L’ONU inasprisce le sanzioni per chi fa affari con l’ISIS

(Teleborsa) – La lotta all’ISIS si fa sempre più serrata, arrivando a colpire alche le fonti di finanziamento del Califfato. Secondo il segretario USA al Tesoro, Jacob Lew, infatti, “tagliare il flusso di finanziamento all’ISIS impedisce ai jihadisti di avere il denaro necessario per organizzare attacchi”.
Proprio per questo il Consiglio di Sicurezza dell’ONU ha approvato una risoluzione che rafforza le sanzioni contro chi fa affari con il Califfato, votando all’unanimità un testo elaborato congiuntamente da USA e Russia e co-sponsorizzato anche dall’Italia.

“I terroristi continuano a diversificare le fonti di sostentamento, al punto che l’ISIS oggi ha costruito un impero multimilionario” ha osservato il segretario generale Ban Ki Moon. 
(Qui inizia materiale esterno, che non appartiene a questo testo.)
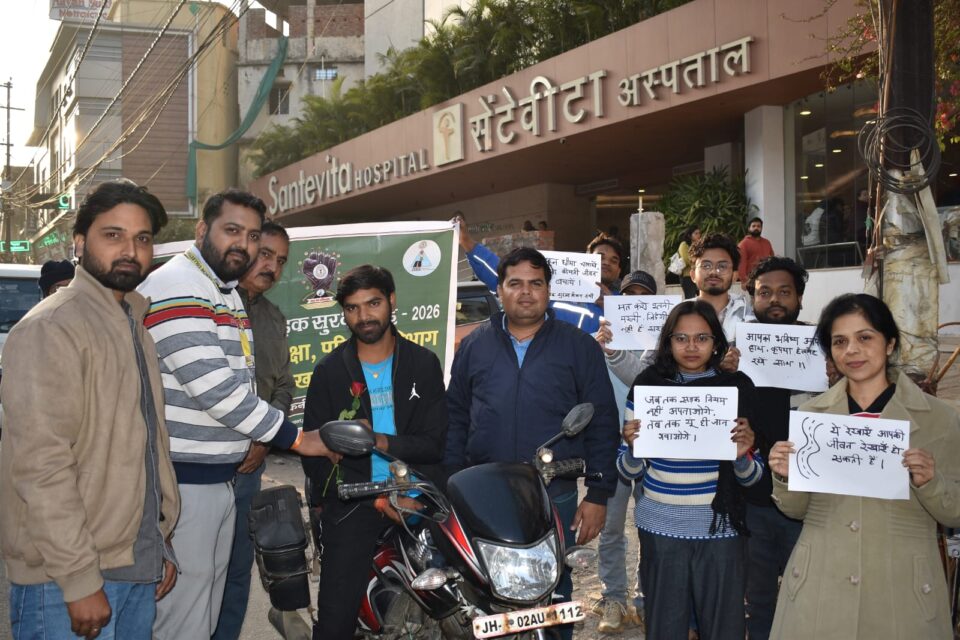 रांची (ख़बर आजतक) : उपायुक्त रांची मंजुनाथ भजंत्री के निर्देशानुसार राष्ट्रीय सड़क सुरक्षा माह के अंतर्गत जिला परिवहन पदाधिकारी अखिलेश कुमार के नेतृत्व में “रोज एट रोड” कार्यक्रम का आयोजन किया गया। सामाजिक संस्था समर्पण चैरिटेबल ट्रस्ट, रिलेशंस एवं एक्टर्स माइंड एक्टिंग स्टूडियो के सहयोग से एचबी रोड स्थित सेंटेविटा अस्पताल के समक्ष सड़क सुरक्षा जागरूकता अभियान चलाया गया। इस दौरान यातायात नियमों का उल्लंघन करने वाले युवाओं को गुलाब का फूल देकर नियमों के पालन के लिए प्रेरित किया गया। वाहन चालकों को हेलमेट पहनने, सीट बेल्ट के उपयोग और सड़क नियमों का पालन करने की शपथ दिलाई गई। बच्चों ने “हेलमेट लगाओ–जीवन बचाओ” सहित विभिन्न स्लोगन के माध्यम से लोगों को जागरूक किया। मौके पर जिला रोड इंजीनियर एनालिस्ट गौरव कुमार सहित कई सामाजिक कार्यकर्ता व संस्थाओं के प्रतिनिधि उपस्थित थे।

Secondo quanto scritto nella risoluzione “ogni individuo, gruppo, impresa o entità che fornisce sostegno all’ISIS o ad al Qaida è soggetto alle misure restrittive imposte dalle Nazioni Unite, tra cui il congelamento dei beni, il divieto di viaggio e l’embargo sulle armi”. 

Intanto una lettera di minacce contenente dei proiettili è stata inviata al ministro della Giustizia, Andrea Orlando, con scritto: “entreremo a Roma e taglieremo la tua testa”.